Bueno, pero el listado de un tendero en El Charco no tiene que parecerse al del National Earthquake Hazard Reduction Program (NEHRP) de Estados Unidos donde los residentes tienen que prever en cuál de los autos aparcados en el garaje huir, hacia qué tipo de refugio dirigirse y cuántas latas de comida para gatos reservar, pues también hay que proteger el destino de los animales domésticos sobrevivientes. Lo extraordinario es que ni el listado del NEHRP ni el de Portocarrero senior incluía la pieza que resultó crucial y decisiva en sus vidas.

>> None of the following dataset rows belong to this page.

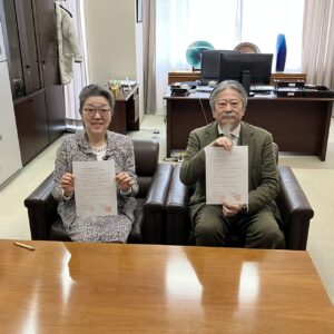2025年2月13日(木)、関西国際センター(大阪府泉南郡田尻町りんくうポート北)において、梅屋潔国際文化学研究科長と真嶋潤子関西国際センター所長により、本研究科と国際交流基金(JF)関西国際センターの連携協定書への調印がなされました。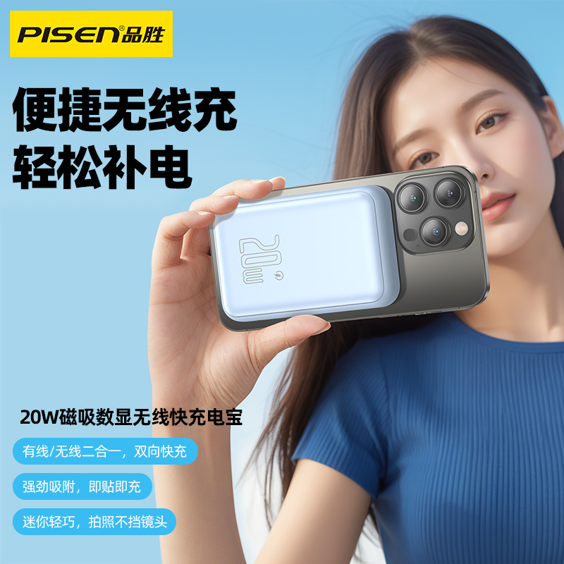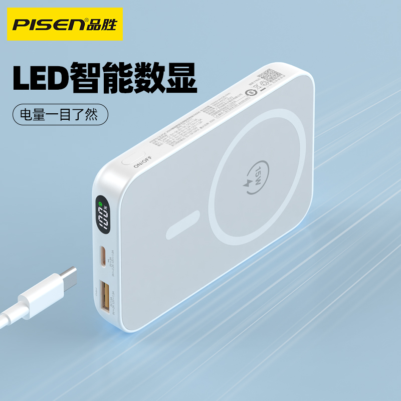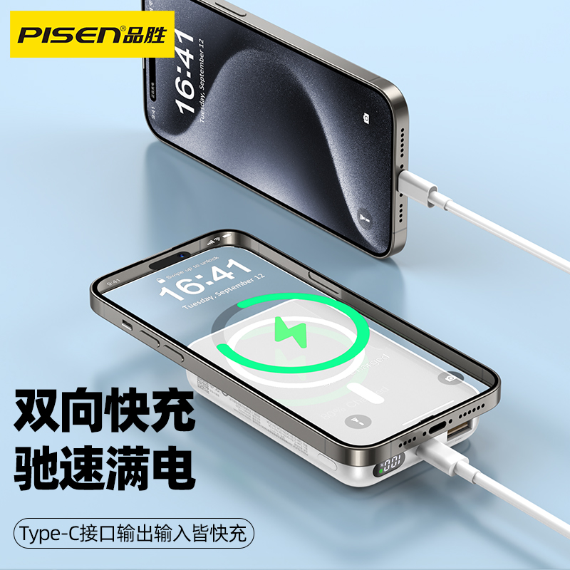 品胜磁吸款 整机双重3C认证 电芯 无线充电宝10000毫安超大容量MagSafe快充便携手机移动电源 可上飞机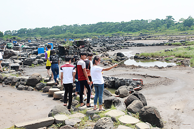 记者赶到千年古盐田的时候,已经是中午十一点,发现游客不是很多。据附近一个卖老盐巴的陈阿姨介绍,最近天气不好,老刮风下雨,所以这段时间盐田没有生产,因而这几天前来游玩的客人跟平常一样,并无明显增多。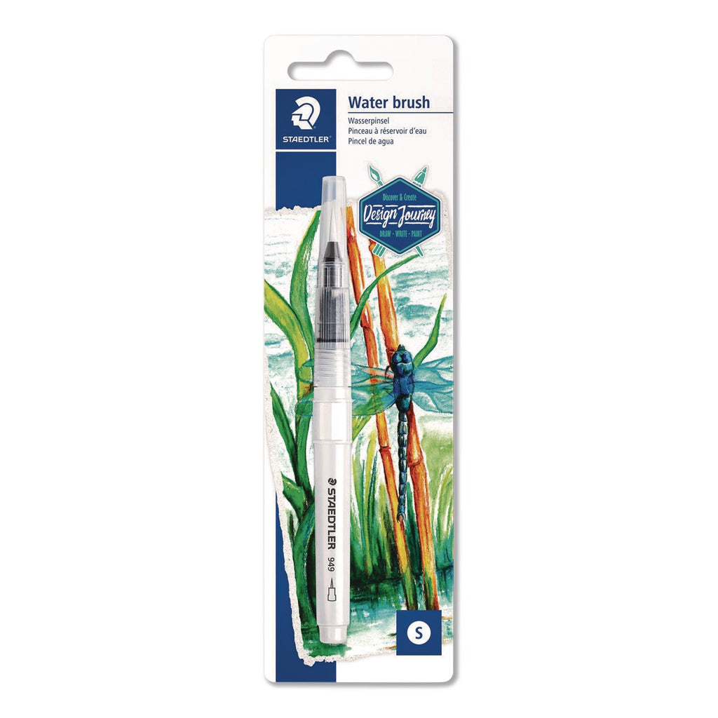 Water brush with round fine tip for watercoloring and painting. The easy-to-squeeze barrel and valve system allow for controlled flow of water.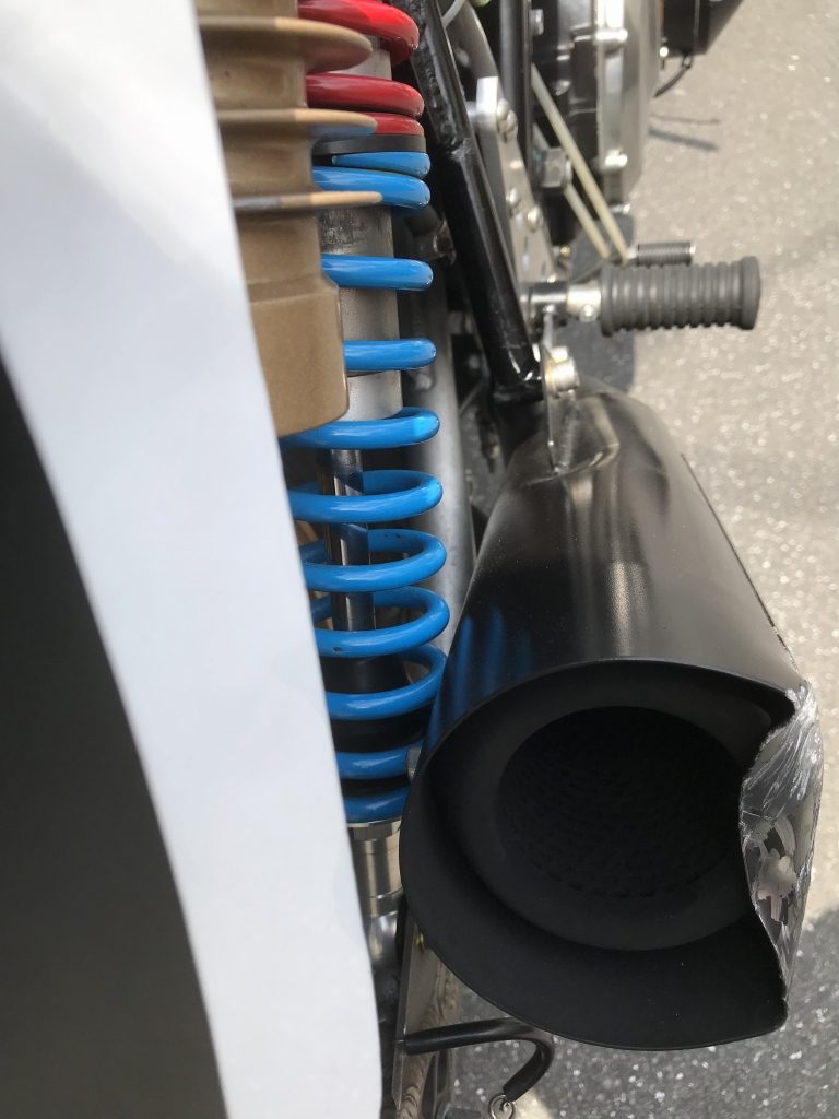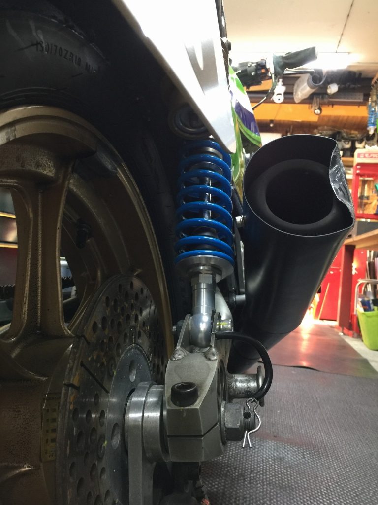 裏側にはリヤショックのスプリングで潰れた痕が。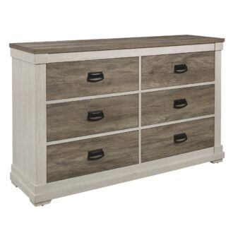 Designed for your transitionally styled bedroom is the Arcadia Collection. The two-tone look of the group is achieved with white framing and variegated gray printed faux-wood grain veneer. Dark hardware lends visual contrast to the classic shape of the dresser.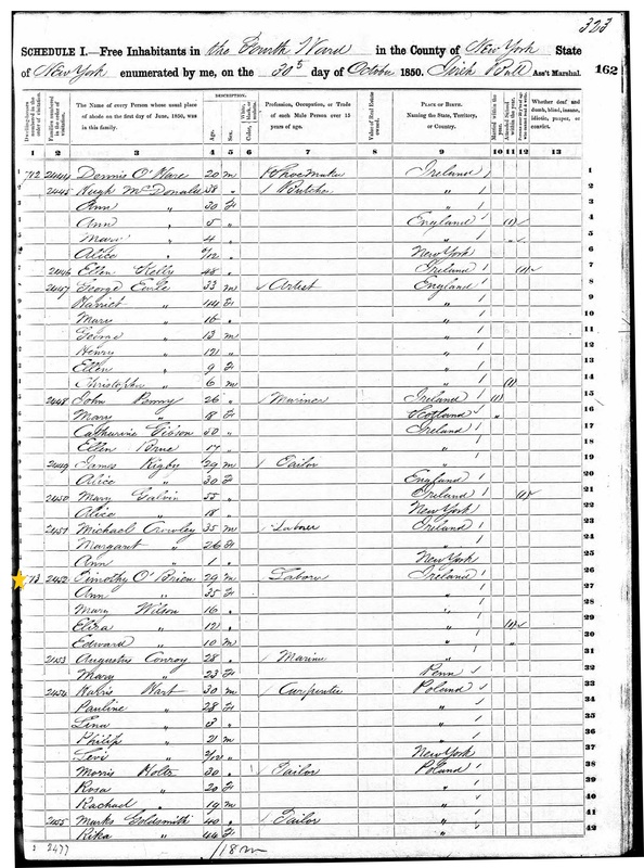 O'Brien and his wife, Ann, and children are listed. Timothy is identified as a 29 year old laborer.

El sacudón de la madrugada los agarró a medio dormir y Portocarrero fue uno de los primeros en salir de la casa y advertir los destrozos en un paisaje oscuro y mal iluminado todavía. «Tengo grabado ese día en mi mente, cada detalle. Yo no he podido entender bien por qué a lo lejos se veía una luz roja, enorme, parecida al sol del final de la tarde, pero no era el sol», me dice. Como pudo salvó a su padre que se había quedado atrapado tras una puerta trancada. Y entonces recordó que tenían un mazo hecho de hierro sólido y mango de mangle que les serviría para abrirse paso entre los escombros y rescatar a las personas atrapadas. Se lo dijo al viejo. Los quejidos de los sepultados venían de todos lados y era urgente hacer algo. Él, más joven y hábil, entró a buscar el mazo y unos minutos después nuestro Thor adolescente consiguió salir de la casa maltrecha arrastrándose para reunirse de nuevo con su padre. Su madre y sus hermanos (una hermana mayor que él y dos hermanos menores) lloraban desconsolados y desorientados, quietecitos y clavados de miedo en mitad de la oscuridad y sin saber qué hacer. Habían escapado de las casa después que él y antes de su padre.

Con el mazo, padre e hijo empezaron a devastar los escombros y lo primero que rescataron fue un perro. Se trataba de una fiera enorme que cuidaba el convento. Los niños le temían a ese perro babeante que había mordido a varios, y preferían pasar por la otra acera. Pero ahora minado por el terremoto esperaba dócil el rescate, y en cuanto se encontró libre corrió a olfatear y bajo los escombros detectó a otro perro que también rescataron. «Usted no me va a creer, pero el segundo perro salió como una flecha a buscar a una mujer enterrada que ni se quejaba. Gracias a ese perro conseguimos localizarla, sacarla y salvarla». Desde ese momento comenzaron una agotadora labor de salvamento usando el mazo. Rescataron entre treinta y cuarenta personas esa madrugada.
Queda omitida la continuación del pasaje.